The hotel was, as promised, completely insane. Being the off-season, prices are absurdly low but the quality of the room and service isn't. 7,000 JPY per person per night gets you a huge traditional room (with bathroom, toilet, fridge, A/C, etc), two buffet meals per day and access to the onsen (hot spring baths).
That night we wandered into the (tiny) town to check out the Sounkyo Icefall Festival. I'm sure the novelty value was lower for ice climbers but it was still pretty neat. Good firework display, too, plus cheap amazake (weird drink containing rice and hot sake that looks a bit like chunky vomit and doesn't taste a whole lot better).
|An ice shrine.|
|A shot across some of the festival area.|
|Chris, risking his life for the shot. I'm actually fairly sure this place wouldn't be allowed under Health & Safety in the UK...|
|One of the many ice sculptures.|
Day 1 was a corker. Of course it was started off with a buffet breakfast - makes a change from instant ramen! We walked down into the gorge from town and within 15 minutes or so we were at a big car park - this is about as far as the tourists get! Across the river we could see our first climb... but if course we had to get to it first.

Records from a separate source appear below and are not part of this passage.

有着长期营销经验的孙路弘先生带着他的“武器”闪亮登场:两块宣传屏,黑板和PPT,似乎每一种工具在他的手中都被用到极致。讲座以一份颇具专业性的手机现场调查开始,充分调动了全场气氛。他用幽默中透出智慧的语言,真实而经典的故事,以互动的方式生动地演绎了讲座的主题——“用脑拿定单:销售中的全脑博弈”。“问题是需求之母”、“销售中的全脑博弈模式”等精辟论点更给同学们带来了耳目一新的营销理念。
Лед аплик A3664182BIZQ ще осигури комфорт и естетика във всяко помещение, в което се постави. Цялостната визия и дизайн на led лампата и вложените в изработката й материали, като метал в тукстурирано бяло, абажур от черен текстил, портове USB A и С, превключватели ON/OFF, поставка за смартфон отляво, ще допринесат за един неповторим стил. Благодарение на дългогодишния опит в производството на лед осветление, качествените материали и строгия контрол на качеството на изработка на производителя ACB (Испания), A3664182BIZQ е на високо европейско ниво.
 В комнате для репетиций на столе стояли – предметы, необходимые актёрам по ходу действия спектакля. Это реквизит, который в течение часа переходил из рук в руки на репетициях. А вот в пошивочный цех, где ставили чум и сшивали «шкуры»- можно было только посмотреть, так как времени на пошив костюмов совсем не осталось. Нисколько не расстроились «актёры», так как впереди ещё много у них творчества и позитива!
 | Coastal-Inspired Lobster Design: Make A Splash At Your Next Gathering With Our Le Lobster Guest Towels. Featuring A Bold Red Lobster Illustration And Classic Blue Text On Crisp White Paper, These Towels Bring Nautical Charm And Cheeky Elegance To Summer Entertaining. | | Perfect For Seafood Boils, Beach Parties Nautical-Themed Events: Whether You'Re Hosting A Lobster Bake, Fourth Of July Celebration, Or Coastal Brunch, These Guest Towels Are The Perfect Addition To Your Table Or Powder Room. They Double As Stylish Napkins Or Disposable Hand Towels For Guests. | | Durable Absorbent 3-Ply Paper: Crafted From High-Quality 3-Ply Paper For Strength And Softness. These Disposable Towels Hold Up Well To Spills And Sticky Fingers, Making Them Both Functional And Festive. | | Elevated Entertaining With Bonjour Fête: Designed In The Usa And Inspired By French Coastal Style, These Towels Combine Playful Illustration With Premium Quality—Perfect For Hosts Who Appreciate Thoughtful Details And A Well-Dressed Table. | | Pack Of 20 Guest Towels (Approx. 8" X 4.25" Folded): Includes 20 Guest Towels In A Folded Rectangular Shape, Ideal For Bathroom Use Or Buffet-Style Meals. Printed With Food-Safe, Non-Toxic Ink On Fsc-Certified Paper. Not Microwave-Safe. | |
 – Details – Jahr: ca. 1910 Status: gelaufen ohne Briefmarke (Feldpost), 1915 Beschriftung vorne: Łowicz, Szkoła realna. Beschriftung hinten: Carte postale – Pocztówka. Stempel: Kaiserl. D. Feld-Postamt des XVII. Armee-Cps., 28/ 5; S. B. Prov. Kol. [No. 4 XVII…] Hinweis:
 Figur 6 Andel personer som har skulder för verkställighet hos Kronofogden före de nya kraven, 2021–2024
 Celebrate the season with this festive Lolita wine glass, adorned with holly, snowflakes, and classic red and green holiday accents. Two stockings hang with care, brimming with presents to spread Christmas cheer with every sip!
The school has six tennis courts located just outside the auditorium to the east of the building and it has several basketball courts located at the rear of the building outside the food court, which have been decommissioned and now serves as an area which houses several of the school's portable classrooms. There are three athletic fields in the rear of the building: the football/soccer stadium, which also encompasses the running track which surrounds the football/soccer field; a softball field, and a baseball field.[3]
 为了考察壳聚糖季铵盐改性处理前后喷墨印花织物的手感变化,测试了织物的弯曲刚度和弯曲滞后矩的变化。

|Not a bad way to start off a day of climbing|
Cue taking off our boots and socks, rolling up our pant-legs and wading across a FREEZING cold river. Agony! If anyone is wondering if you can get the hot aches in your feet, the answer is yes, you can.
|Chris having an existential crisis halfway across. Note the Japanese guys who brought Wellington boots!|
|My turn - not fun!|
After a short walk in we were at the base of our target for the day - Ginga-no-taki, WI4, 120m, 4 pitches. Spectacular!
What followed was 4 pitches of superb climbing in a stunning position. Beautiful. It was bitterly cold (they were saying -16C in the morning - "feels like -32C with windchill" - and I don't think it climbed much above that all day) and there was a strong wind which hammered us with spindrift at regular intervals.
Pitch 2 began with a snow ramp which became a steeper ice section. After daggering my way through the snow I got onto the ice and as my hands warmed up I got the worst hot aches ever (despite my absolute best efforts), which was an unpleasant surprise. After 5 minutes of swearing like a trooper while my calves burnt up from resting on front-points and smashing my fists into the ice, I set off again. Ah, the joys of winter climbing...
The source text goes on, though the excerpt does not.